How are definite integrals defined?

Before we give the precise definition, we note that we can estimate the area under the curve for some function \(y=f(x)\), bounded by \(x=a\) and \(x=b\), by first splitting up the interval \([a, b]\) into \(n\) subintervals of equal width, \(\left[x_{i-1}, x_i\right]\) for \(i=1, \ldots, n\), as shown in the diagram.

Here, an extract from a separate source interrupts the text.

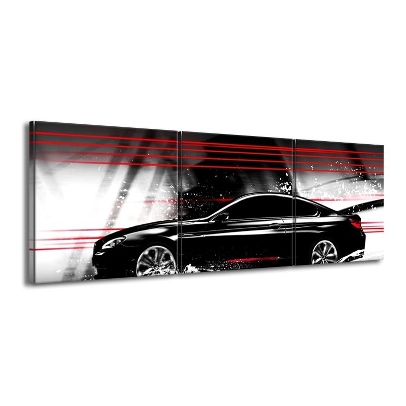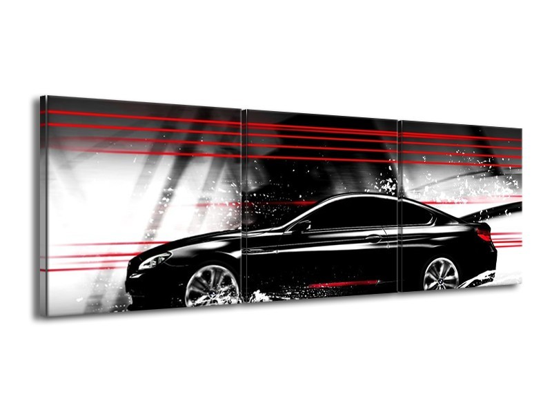 Canvas schilderij Auto | Zwart, Rood, Grijs | 150x50cm 3Luik

This gives \(n\) rectangles of equal width, \(\Delta x\), where the height of each rectangle is given by the value of the function at each point, \(f\left(x_i\right)\), from the right endpoint of each subinterval. The area of each rectangle is the product of this height and width, \(f\left(x_i\right) \Delta x\). We can estimate the area under the curve of \(f(x)\) by summing the areas of each rectangle as
\(
\begin{aligned}
\text { area } & \approx f\left(x_1\right) \Delta x+\cdots+f\left(x_n\right) \Delta x \\
&=\sum_{i=1}^n f\left(x_i\right) \Delta x
\end{aligned}
\)
This is also known as the right Riemann sum. As the number of rectangles \(n\) gets larger and the width \(\Delta x\) gets smaller, this estimate will get closer to the true area under the curve. In fact, the definite integral, which gives the exact area under the curve, is defined by taking the limit of this sum as the number of rectangles approaches infinity.

Definition of Definite Integral

Given a function \(f(x)\) that is continuous on the interval \([a, b]\) we divide the interval into \(n\) subintervals of equal width, \(\Delta x\), and from each interval choose a point, \(x_i^*\). Then the definite integral of \(f(x)\) from \(a\) to \(b\) is

\(
\int_a^b f(x) d x=\lim _{n \rightarrow \infty} \sum_{i=1}^n f\left(x_i^*\right) \Delta x
\)

The definite integral is evaluated in the following two ways:

(i) The definite integral as the limit of the sum
(ii) \(\int_a^b f(x) d x=\mathrm{F}(b)-\mathrm{F}(a)\), if \(\mathrm{F}\) is an antiderivative of \(f(x)\).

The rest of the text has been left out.